Activity >> From the first line to the last, set down the material exactly and drop every picture.

=== Provided information ===

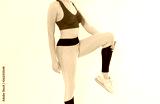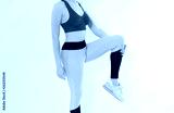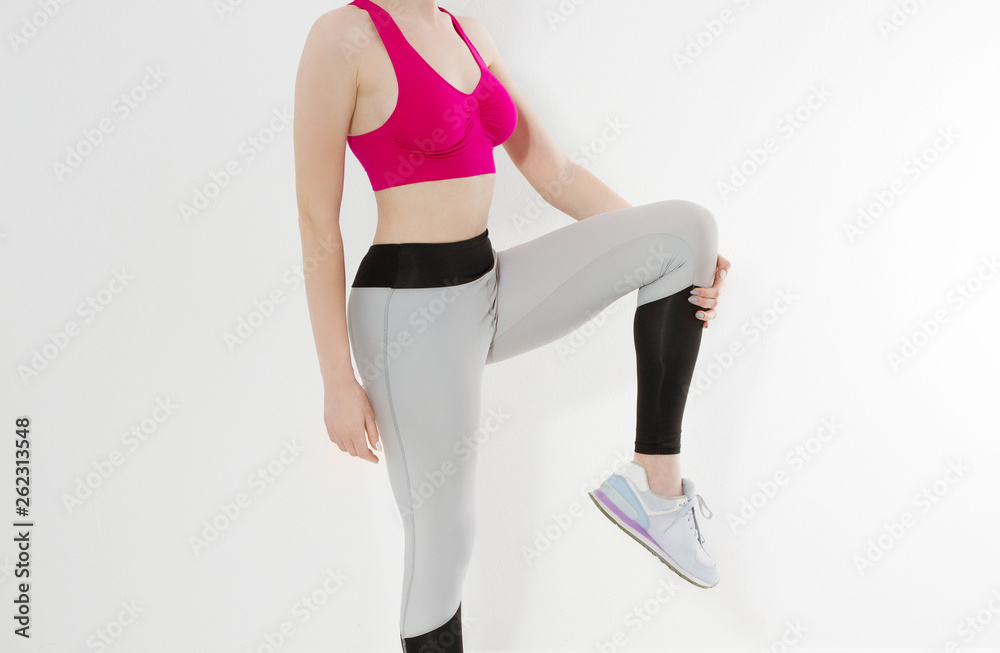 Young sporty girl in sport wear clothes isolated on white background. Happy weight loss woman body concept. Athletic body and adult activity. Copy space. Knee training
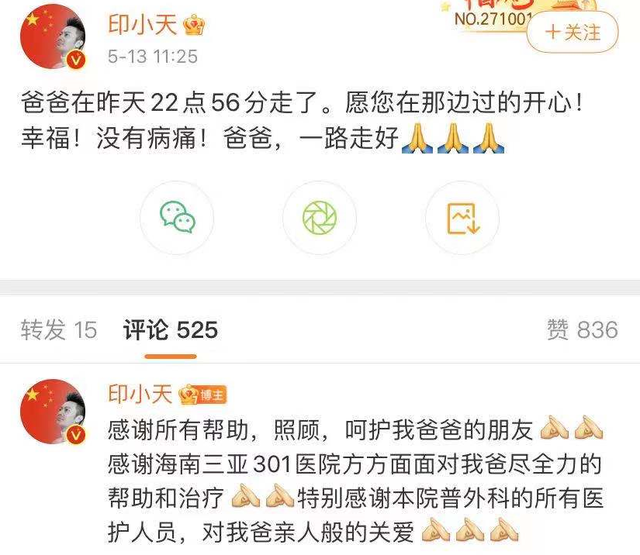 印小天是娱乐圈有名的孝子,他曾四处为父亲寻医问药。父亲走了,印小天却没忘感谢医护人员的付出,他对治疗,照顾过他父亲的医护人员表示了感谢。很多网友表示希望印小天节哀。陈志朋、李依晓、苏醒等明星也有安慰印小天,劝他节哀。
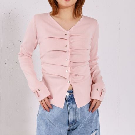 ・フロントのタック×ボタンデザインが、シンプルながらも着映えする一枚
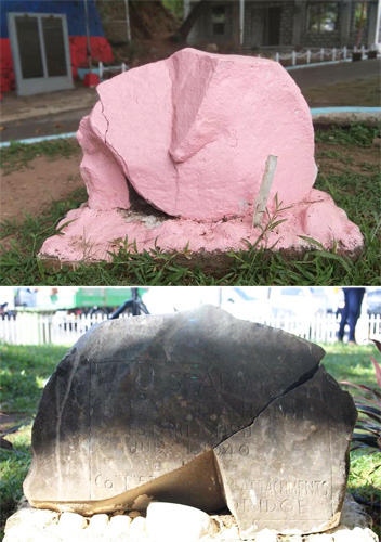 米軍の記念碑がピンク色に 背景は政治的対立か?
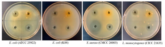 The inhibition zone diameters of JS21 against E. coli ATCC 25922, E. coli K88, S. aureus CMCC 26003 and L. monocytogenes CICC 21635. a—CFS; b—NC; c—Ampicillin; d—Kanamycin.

===

Task answer >>
 Young sporty girl in sport wear clothes isolated on white background. Happy weight loss woman body concept. Athletic body and adult activity. Copy space. Knee training
 印小天是娱乐圈有名的孝子,他曾四处为父亲寻医问药。父亲走了,印小天却没忘感谢医护人员的付出,他对治疗,照顾过他父亲的医护人员表示了感谢。很多网友表示希望印小天节哀。陈志朋、李依晓、苏醒等明星也有安慰印小天,劝他节哀。
 ・フロントのタック×ボタンデザインが、シンプルながらも着映えする一枚
 米軍の記念碑がピンク色に 背景は政治的対立か?
 The inhibition zone diameters of JS21 against E. coli ATCC 25922, E. coli K88, S. aureus CMCC 26003 and L. monocytogenes CICC 21635. a—CFS; b—NC; c—Ampicillin; d—Kanamycin.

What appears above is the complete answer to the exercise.